What you will do: From the material below, reproduce exactly the stretch of lines that begins with the line holding "Vitrine comptoir, froid" and ends with the line holding "Dane telefonu LG Nexus 4 na Twojej stronie", skipping the pictures.

Provided information:
-.-.-

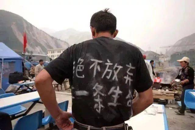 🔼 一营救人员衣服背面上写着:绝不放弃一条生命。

-.-.-

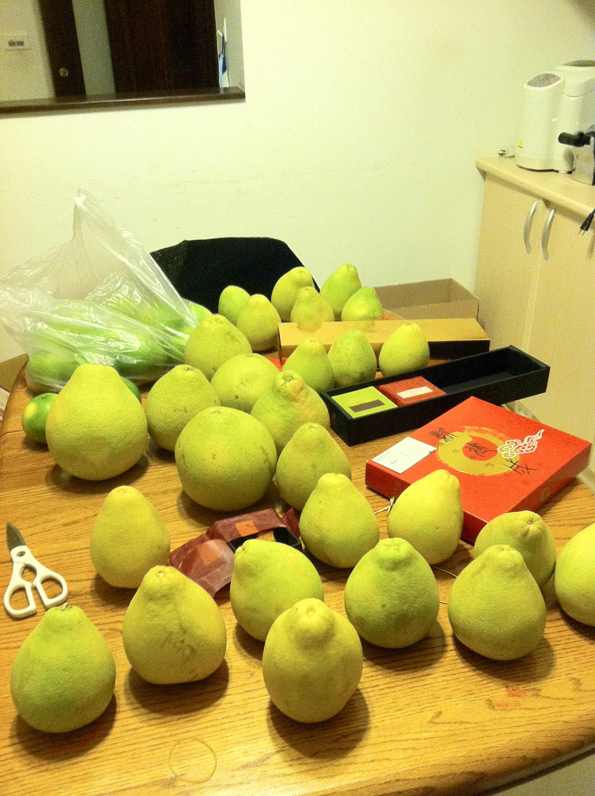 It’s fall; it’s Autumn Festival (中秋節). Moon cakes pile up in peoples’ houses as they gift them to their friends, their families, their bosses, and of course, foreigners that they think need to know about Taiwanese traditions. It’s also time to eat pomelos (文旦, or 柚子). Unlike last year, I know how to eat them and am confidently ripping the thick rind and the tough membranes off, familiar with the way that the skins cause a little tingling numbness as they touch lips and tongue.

-.-.-

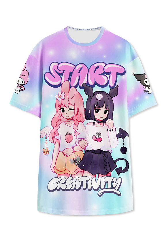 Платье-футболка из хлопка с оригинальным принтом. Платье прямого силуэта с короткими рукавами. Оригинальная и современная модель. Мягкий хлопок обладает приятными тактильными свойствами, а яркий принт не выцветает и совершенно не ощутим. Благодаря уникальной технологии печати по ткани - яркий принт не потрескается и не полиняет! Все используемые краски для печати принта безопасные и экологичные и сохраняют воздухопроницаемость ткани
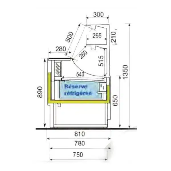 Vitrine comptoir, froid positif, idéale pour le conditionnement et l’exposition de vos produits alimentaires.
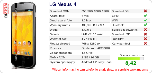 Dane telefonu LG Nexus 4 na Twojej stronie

-.-.-

Response to this task:
 Vitrine comptoir, froid positif, idéale pour le conditionnement et l’exposition de vos produits alimentaires.
 Dane telefonu LG Nexus 4 na Twojej stronie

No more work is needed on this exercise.